- TASK PROMPT
Although the entries contain pictures, write out only their text, exactly as it stands.

- MATERIAL SHOWN

* * * * * * *

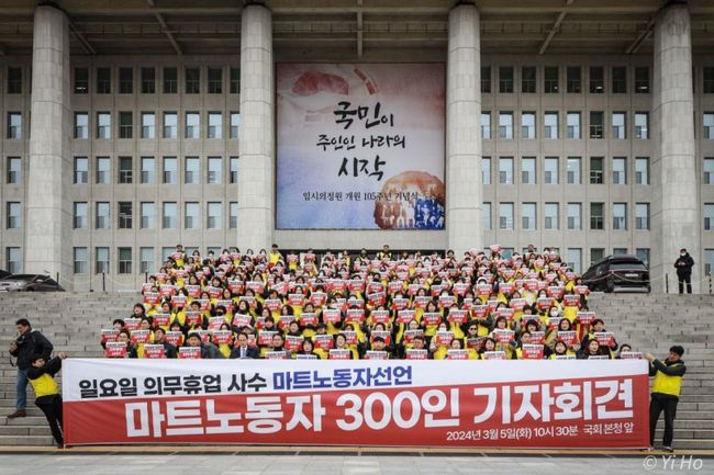 이에 마트노동자는 이해관계자의 의견 수렴 없이 추진되고 있는 대형마트 의무휴업 평일 전환을 반대하고, 유통노동자의 주말 휴식권을 빼앗는 윤석열 정부의 「유통산업발전법」 개정 추진을 규탄하기 위해 지난 2월부터 ‘일요일 의무휴업 사수 마트노동자 5만 선언운동’을 진행하는 등 주말휴식권 보장을 위한 투쟁을 진행하고 있다.
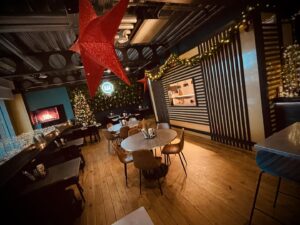 When it comes to food, you can choose between delicious Christmas grazing boards loaded with meats, cheeses, breads, olives, and pickles, or enjoy a mouthwatering buffet inspired by their popular menu. Sociable Folk can host groups of 40 to 100 people, with prices ranging from £14 – £20 per person.
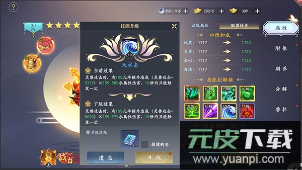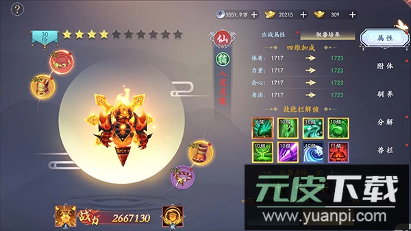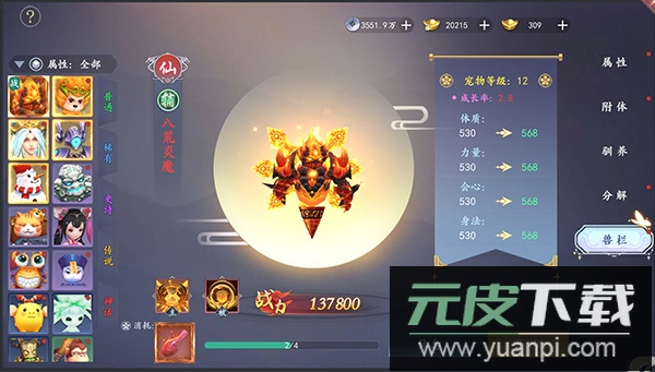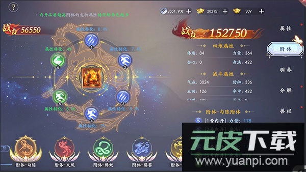 2、附体系统:宠物可上阵至特定阵法,通过阵眼将部分属性转化给角色,宠物数量越多,该系统的收益越明显;
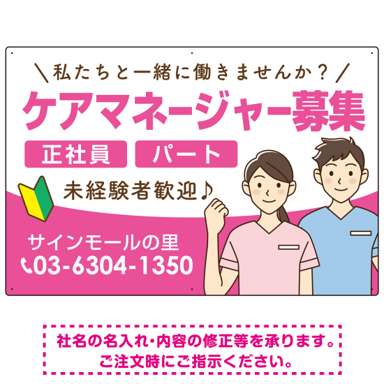 ケアマネジャー(介護支援専門員)募集 男女イラスト付デザイン オリジナル プレート看板 ピンク W900×H600 エコユニボード (SP-SMD661B-90x60U)
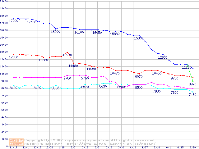 | [↓次グラフ]: | U5 (5400rpm,UltraATA/100 512KB)の最安値推移 |

* * * * * * *

- SOLUTION
 이에 마트노동자는 이해관계자의 의견 수렴 없이 추진되고 있는 대형마트 의무휴업 평일 전환을 반대하고, 유통노동자의 주말 휴식권을 빼앗는 윤석열 정부의 「유통산업발전법」 개정 추진을 규탄하기 위해 지난 2월부터 ‘일요일 의무휴업 사수 마트노동자 5만 선언운동’을 진행하는 등 주말휴식권 보장을 위한 투쟁을 진행하고 있다.
 When it comes to food, you can choose between delicious Christmas grazing boards loaded with meats, cheeses, breads, olives, and pickles, or enjoy a mouthwatering buffet inspired by their popular menu. Sociable Folk can host groups of 40 to 100 people, with prices ranging from £14 – £20 per person.
 2、附体系统:宠物可上阵至特定阵法,通过阵眼将部分属性转化给角色,宠物数量越多,该系统的收益越明显;
 ケアマネジャー(介護支援専門員)募集 男女イラスト付デザイン オリジナル プレート看板 ピンク W900×H600 エコユニボード (SP-SMD661B-90x60U)
 | [↓次グラフ]: | U5 (5400rpm,UltraATA/100 512KB)の最安値推移 |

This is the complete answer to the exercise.